A server serves information. So a web server (HTTP server) serves web pages.
A client requests the information from the server. In the web, a web browser
(such as Netscape or Internet Explorer) request the information. Any computer
can be a server, just as long as it can meet the demands.
Every computer on the Internet has an IP address (Internet Protocol). You
can see the IP address
of your computer. This number is the reference to your computer. If you were
to run a server on it, other people could connect to you.
See graphically
where in the world a computer is.
However IP addresses are sort of complicated to remember. To help with this,
you enter in the name of a site. Such as www.yahoo.com
instead of 216.109.118.77 . A Domain Name
System lets you enter in a sites name and then looks up the IP address. Ultimately
all sites are references by IPs.
URL (Uniform Resource Location) is the address to a page on a site.
Lets look at the following URL:
http://www.lawrencegoetz.com/programs/free.html
http:// - this is the protocol
www.lawrencegoetz.com - this is the domain name of the site.

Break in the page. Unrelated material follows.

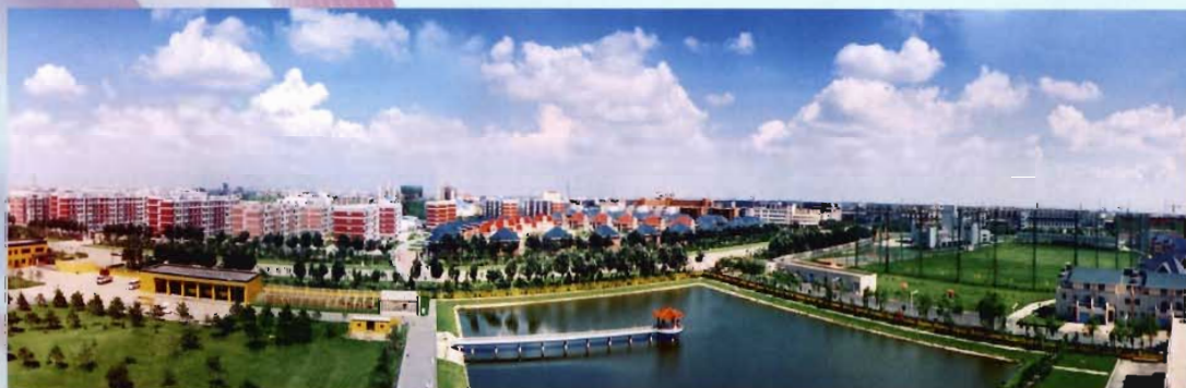
远眺铁西开发区新城

programs - this is directory
free.html - this is the file name that is being requested
Domain names are read from right to left.
com is the domain type
lawrencegoetz is the organization name
www is the machine name
http://www.lawrencegoetz.com/
In this case there is no directory or file name requested. The server sees the
/ at the end of the URL. So it looks for files in the root (main) directory.
It will load a default file. Typically this file is called index.html or index.htm.
However some servers use default.html, default.htm, and other standards.
A page is actual plain text. It's the browser that reads the tags to formatting
of text, insert images, etc. If you have a web page that contains an image,
you need to upload the image too. The page may look like one whole document,
however the items in the page are not embedded but are referenced by the page.
When a web page contains an image, the image tag generally tells the browser
how large the image is. This helps the web page display faster. This is because
the text can be layed out to fit near the image. If the browser doesn't know
the image size, it will need to start downloading the image, before the remainder
of the page can display.
TCP/IP standard for Transmission Control Protocol over Internet Protocol.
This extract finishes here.